Move authorization passed without comment at council meeting, but raised dust afterward

Passing almost beneath the public radar at last week's City Council meeting was Item 82: the authorization for staff to enter into negotiations to purchase a Home Depot and the surrounding 14-acre tract at St. John's and I-35, as the future site of a new municipal courthouse and Austin Police Department northeast substation. The authorization passed without comment Thursday, but it raised some dust the next day, at a press conference hastily called by the local representatives of the League of United Latin American Citizens, Mothers Against Discriminatory Racism in Educa­tion and Society, the American Civil Liberties Union, and the National Organization for Women. "The City Council afforded more of an opportunity for public input on the move of the animal shelter than on the move of the city's municipal courthouse," said LULAC District 7 Director Rita Gonzales-Garza. "The municipal court affects the lives of over 400,000 persons annually, and the council did not bother to hold even a single hearing on the move of the municipal courthouse."
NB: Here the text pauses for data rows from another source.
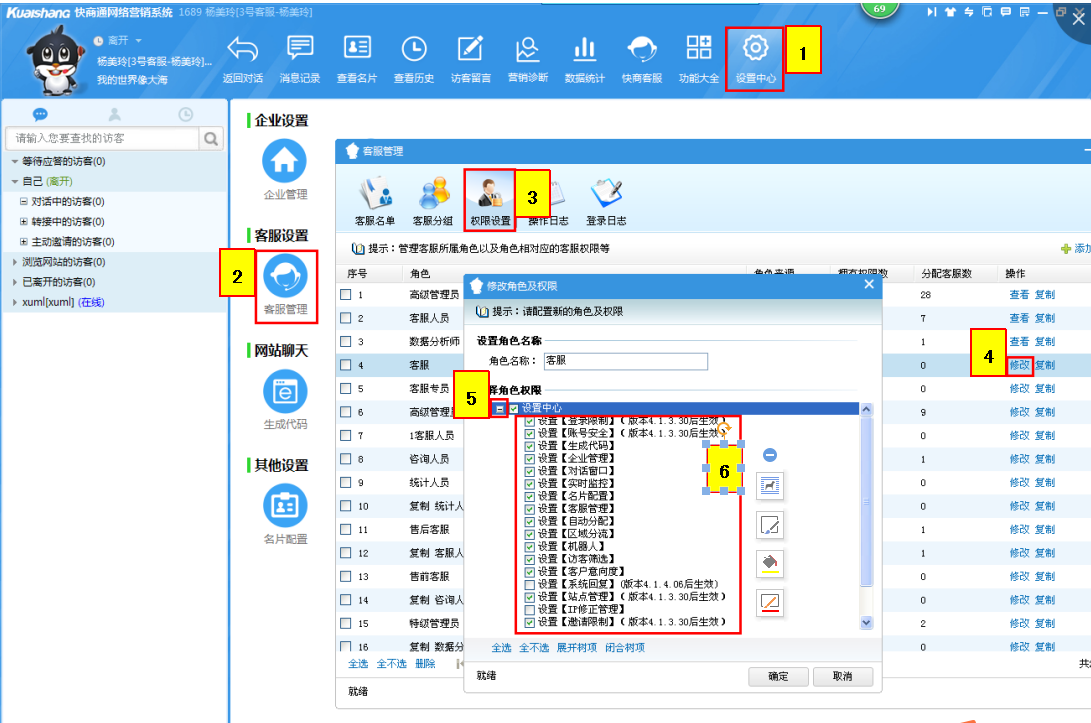【設置中心】→【客服管理】→【權限設置】→【修改】→點開【+】→勾選對應權限→【確定】
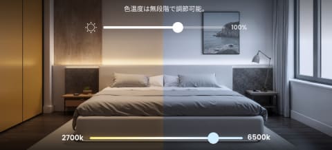Matter対応で、HomeKit/Google Home/Alexaなど複数のプラットフォームをまたいで、iPhoneやSiriなどApple製品のホームアプリから操作可能。音声操作、明るさと色温度の自動操作、その他Matterデバイスと連動してシーンを実行するといった多彩な機能を、たったひとつのアプリからまとめて管理できるという。
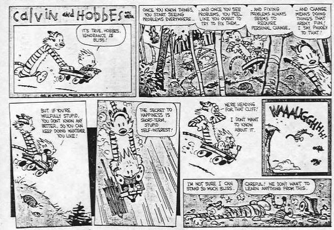 Recently on a very unrelated (and non-financial) forum, the discussion was the best cartoons of all time. The general consensus leaned toward Larson for single frames, and (with lesser plurality) to Bill Watterson (Calvin and Hobbes) for the best strips. I posted this link to what I consider (by far, IMO) the best comic strip ever written. Thought I'd re-post it here while the link is handy. The concept of "willfully stupid" (or, if you wish to be more intellectually correct, "willfully ignorant") is a powerful explanation of much of what ails modern society. If this doesn't ring a bell for you, hey, great, no biggie. If it "hooks" you just a bit, then re-read it again and again, it will come to you. If it just KOs you at the outset (like it did me), well, then, just re-read it again and again, and enjoy the clubbing. Genius. Without further ado ...
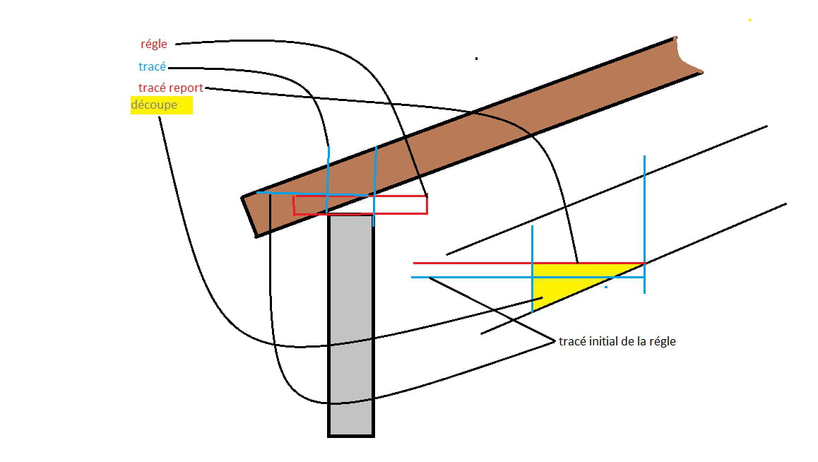 je suis entrain de restaurer une charpente de grange avec pignon central, pour le faîtage pas de soucis pour fixer les chevrons , mais à l'autre extrémité ils sont fixés sur une sablière posée à plat et en biais, j'ai tout essayé même avec une fausse équerre je n'arrive pas à trouver l'angle de coupe et faire le trçage sur le chevron pour la découpe, y a t-il une astuce pour trouver le bon angle ? car depuis je suis bloqué.
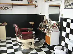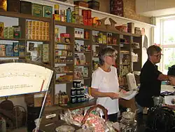 All the items are displayed in 18 small shops, typical of the 1920s. In addition to the grocer's which forms the entrance, there is an old bank, a locksmith, a lingerie store, a tobacco shop, a tailor's, an ice cream parlor, a butcher's, a photographer's and a post office.[6] There is an old cigarette machine which used to deliver 10 cigarettes for 40 øre, a radio store with the second TV set ever to come to Møn and a barber's where, if you come on the right day, you can get a shave.[2] The old classroom consists of eight small wooden desks from Vordingborg but these are soon to be replaced by desks from Møn's Sprove Skole.[7]
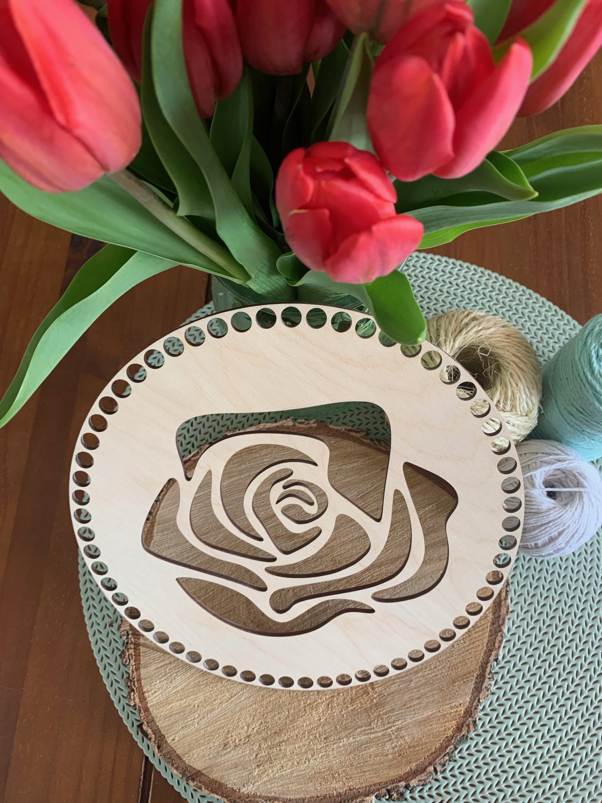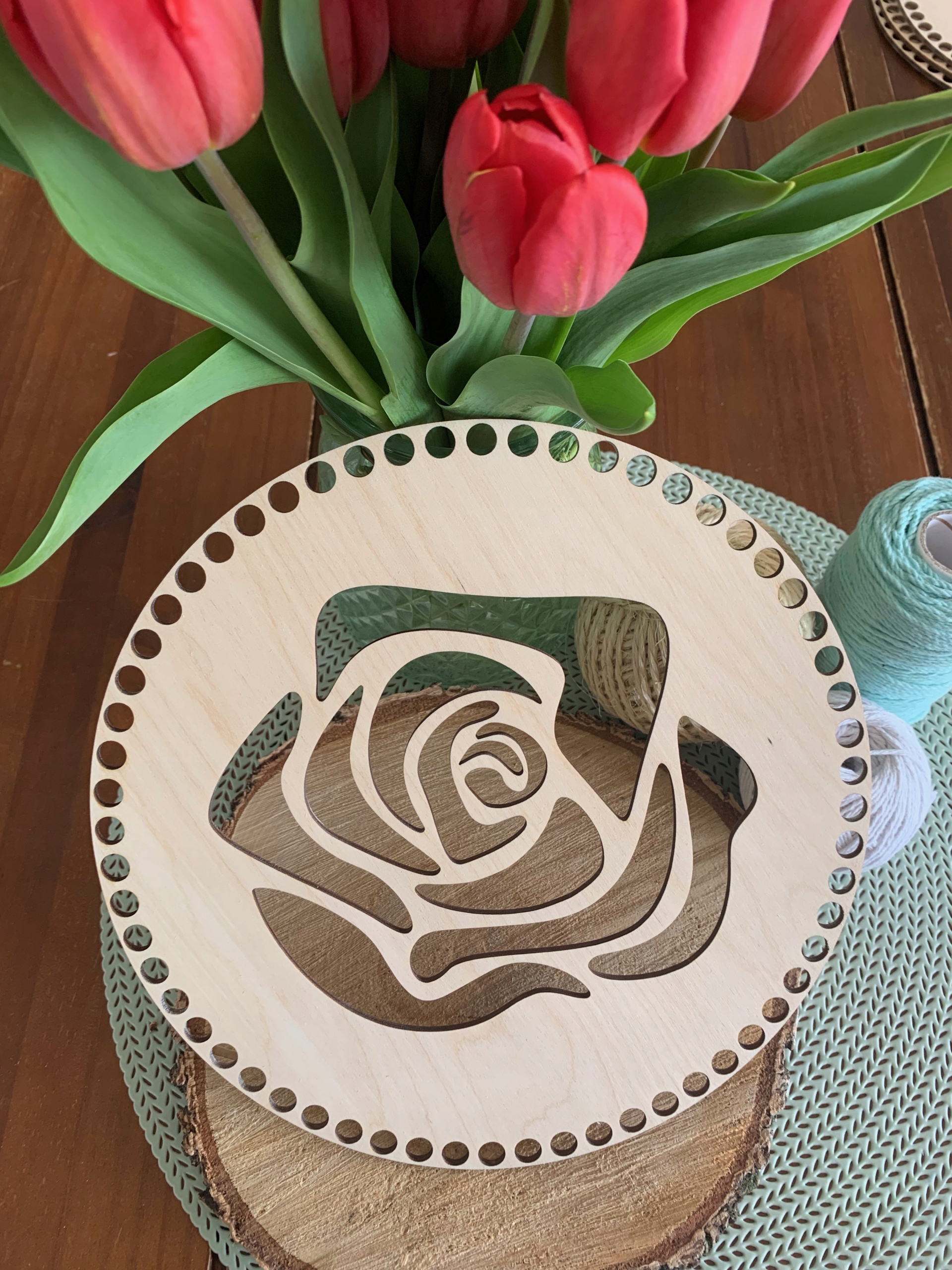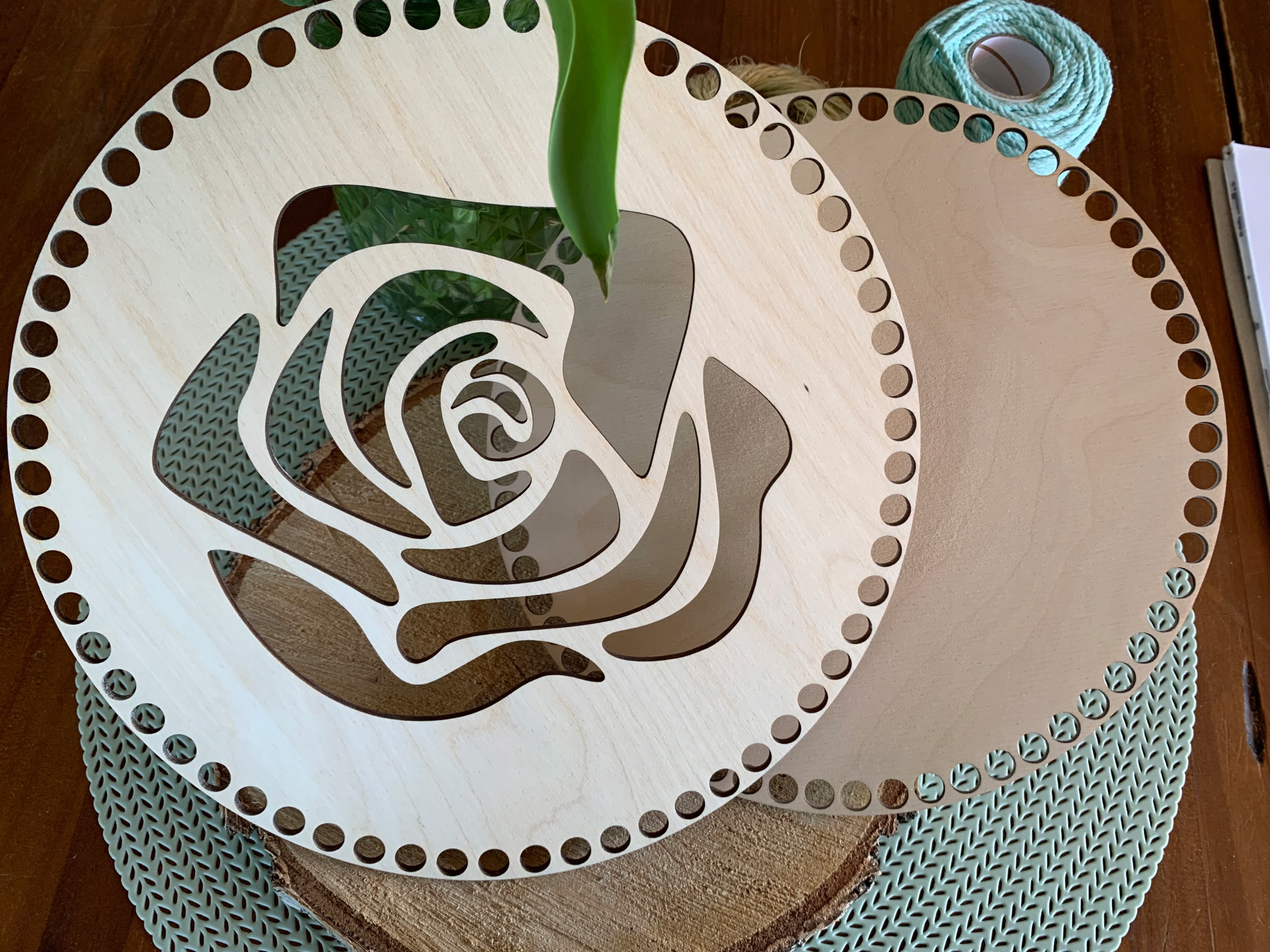 Предмет продажу - набір з двох основ для дна та кришки кошика макраме або гачком у формі кола з візерунком троянди. h1>

Gonzales-Garza said she and Cynthia Valadez of MADRES had been prepared to speak on the site purchase, but when they arrived at City Hall at the 1pm scheduled time, they were told the item had already been approved. The spokeswomen object to the proposed location as too far from Downtown and too distant from major bus lines for many residents, although they said their primary objections are to the limited public process. Gonzales-Garza said that in the preparations for last year's bond election, the consensus was the new site should be Downtown or on the near Eastside but that the city's real estate staff had apparently determined there are no adequate sites in those locations. "This decision was made without any public input," Gonzales-Garza said. Debbie Russell of the ACLU and Diana Castañeda of NOW added similar complaints about the site-selection process.

"We reviewed 76 sites," city real estate manager Lauraine Rizer responded early this week. "This was number 77." In order to meet the parameters of the bond appropriations – $16 million for the courthouse, $7 million for the APD substation – Rizer said, staff needed to find a site with a finished, high-ceiling building on a major corridor that could be redesigned for the city's purposes, with 450 parking spaces, and within 10 minutes of Downtown by car. Building a new building would cost $300 to $350 per square foot, Rizer said – the Home Depot site (building and land) is estimated at $65 per square foot.

Rizer also said the current negotiation does not mean the deal is done. "We've made Home Depot an offer and are waiting on their response. If they accept our offer, there are still 60 days for appraisal, environmental site assessment, and so on – and the city can walk away for any reason."

In the current market, Rizer said, the city has repeatedly made offers on various properties, only to have a private buyer swoop in and offer a higher price. Did she expect that to happen on this deal? "We don't know – we certainly hope not."